**GIVEN ENTRIES**
● ● ● ● ●
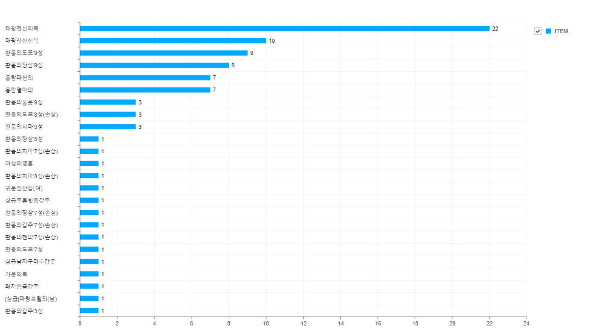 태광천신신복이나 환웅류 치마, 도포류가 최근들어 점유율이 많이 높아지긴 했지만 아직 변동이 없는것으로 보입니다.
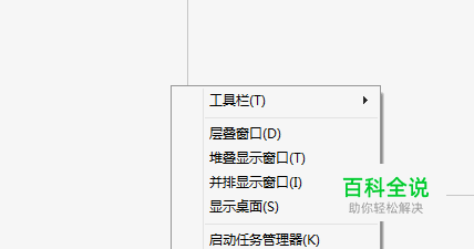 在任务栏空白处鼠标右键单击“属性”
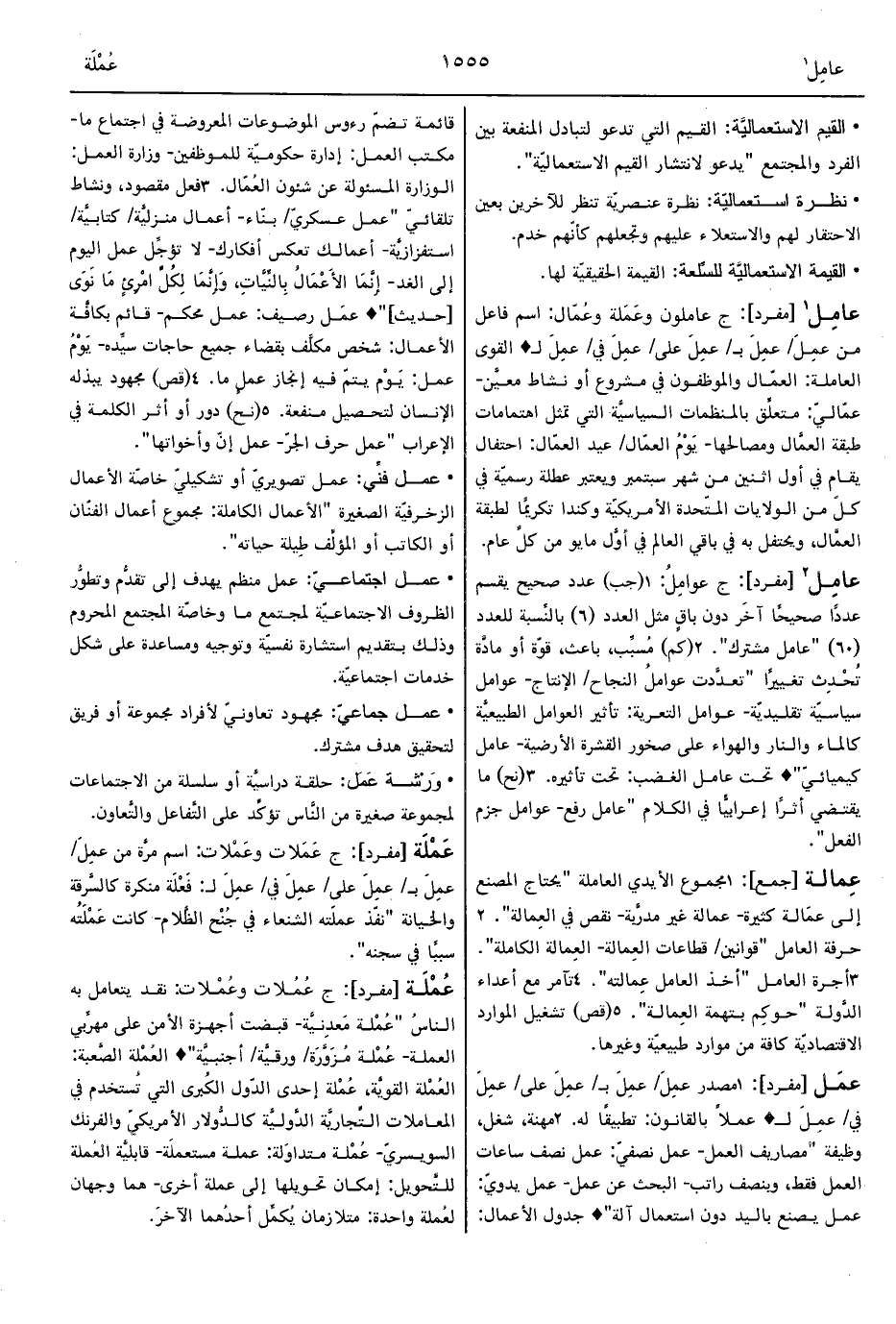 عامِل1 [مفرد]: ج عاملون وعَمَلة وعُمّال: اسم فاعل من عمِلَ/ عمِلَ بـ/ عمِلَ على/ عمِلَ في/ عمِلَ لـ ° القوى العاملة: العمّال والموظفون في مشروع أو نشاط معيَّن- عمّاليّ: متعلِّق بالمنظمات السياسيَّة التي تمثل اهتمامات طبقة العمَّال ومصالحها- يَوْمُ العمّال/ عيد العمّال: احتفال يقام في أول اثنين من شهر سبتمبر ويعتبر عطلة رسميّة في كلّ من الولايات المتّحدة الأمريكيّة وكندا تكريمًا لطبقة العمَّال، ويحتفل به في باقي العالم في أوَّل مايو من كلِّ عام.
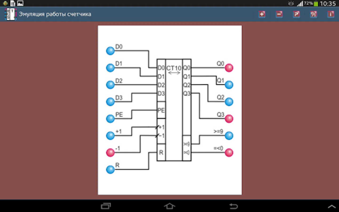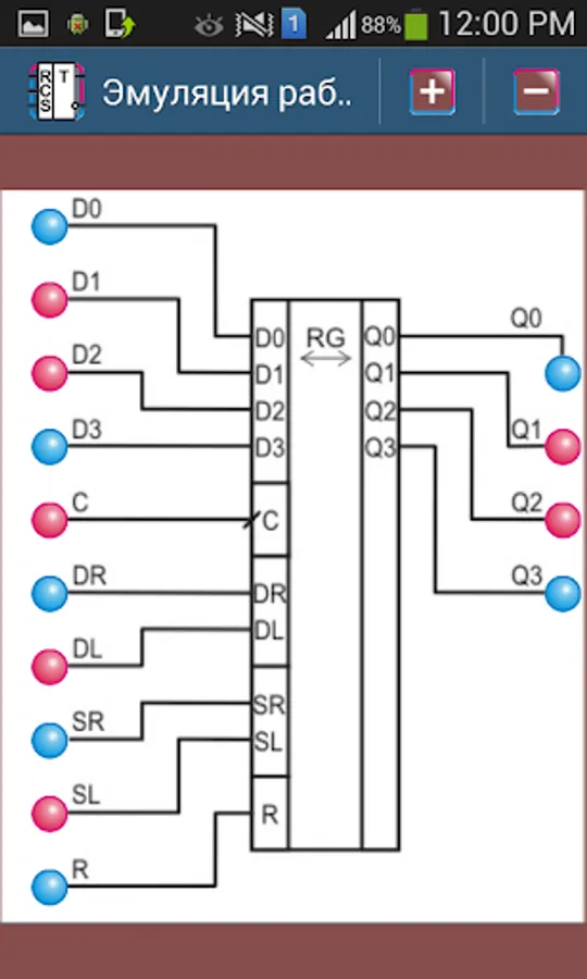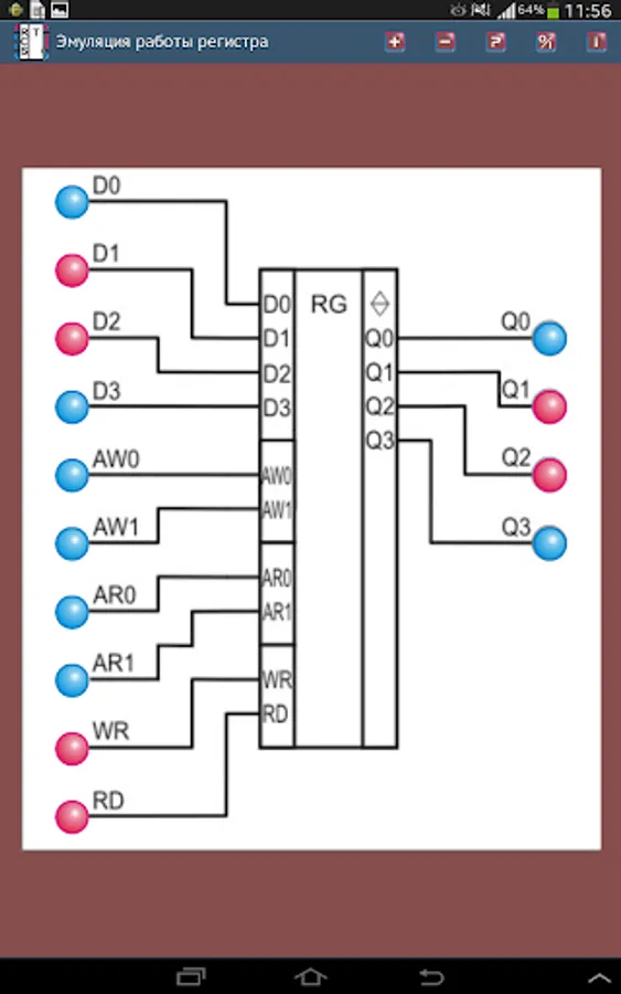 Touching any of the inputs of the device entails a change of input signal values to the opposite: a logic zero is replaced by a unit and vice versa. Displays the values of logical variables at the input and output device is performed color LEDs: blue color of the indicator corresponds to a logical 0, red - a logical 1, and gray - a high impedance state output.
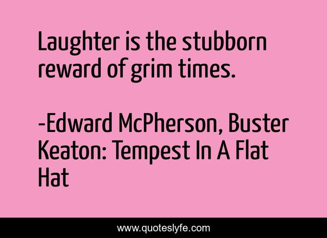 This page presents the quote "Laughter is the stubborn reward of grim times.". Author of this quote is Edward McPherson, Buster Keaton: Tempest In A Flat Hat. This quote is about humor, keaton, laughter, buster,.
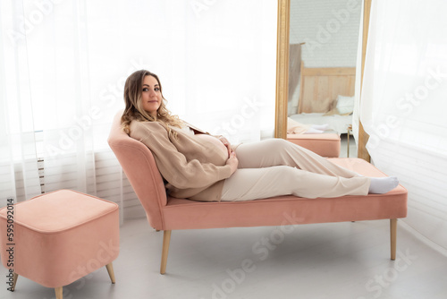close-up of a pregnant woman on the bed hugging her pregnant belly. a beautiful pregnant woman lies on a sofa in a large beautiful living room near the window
● ● ● ● ●
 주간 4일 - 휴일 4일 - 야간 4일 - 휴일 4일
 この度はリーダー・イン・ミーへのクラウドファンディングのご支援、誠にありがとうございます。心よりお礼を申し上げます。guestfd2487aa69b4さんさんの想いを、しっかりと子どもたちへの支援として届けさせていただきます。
● ● ● ● ●
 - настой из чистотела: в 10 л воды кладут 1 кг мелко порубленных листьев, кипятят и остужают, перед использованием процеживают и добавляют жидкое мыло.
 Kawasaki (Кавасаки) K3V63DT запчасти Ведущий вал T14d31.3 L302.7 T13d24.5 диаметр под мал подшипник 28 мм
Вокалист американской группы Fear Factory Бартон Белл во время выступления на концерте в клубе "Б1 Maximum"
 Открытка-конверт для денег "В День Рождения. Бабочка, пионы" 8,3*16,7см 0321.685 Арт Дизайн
● ● ● ● ●
**REQUIRED ACTION**
Your copy should hold only the lines above from the one containing "태광천신신복이나 환웅류 치마, 도포류가" through the one containing "close-up of a", exactly as written and free of pictures.

**ANSWER TO THE PROBLEM**
 태광천신신복이나 환웅류 치마, 도포류가 최근들어 점유율이 많이 높아지긴 했지만 아직 변동이 없는것으로 보입니다.
 在任务栏空白处鼠标右键单击“属性”
 عامِل1 [مفرد]: ج عاملون وعَمَلة وعُمّال: اسم فاعل من عمِلَ/ عمِلَ بـ/ عمِلَ على/ عمِلَ في/ عمِلَ لـ ° القوى العاملة: العمّال والموظفون في مشروع أو نشاط معيَّن- عمّاليّ: متعلِّق بالمنظمات السياسيَّة التي تمثل اهتمامات طبقة العمَّال ومصالحها- يَوْمُ العمّال/ عيد العمّال: احتفال يقام في أول اثنين من شهر سبتمبر ويعتبر عطلة رسميّة في كلّ من الولايات المتّحدة الأمريكيّة وكندا تكريمًا لطبقة العمَّال، ويحتفل به في باقي العالم في أوَّل مايو من كلِّ عام.
 Touching any of the inputs of the device entails a change of input signal values to the opposite: a logic zero is replaced by a unit and vice versa. Displays the values of logical variables at the input and output device is performed color LEDs: blue color of the indicator corresponds to a logical 0, red - a logical 1, and gray - a high impedance state output.
 This page presents the quote "Laughter is the stubborn reward of grim times.". Author of this quote is Edward McPherson, Buster Keaton: Tempest In A Flat Hat. This quote is about humor, keaton, laughter, buster,.
close-up of a pregnant woman on the bed hugging her pregnant belly. a beautiful pregnant woman lies on a sofa in a large beautiful living room near the window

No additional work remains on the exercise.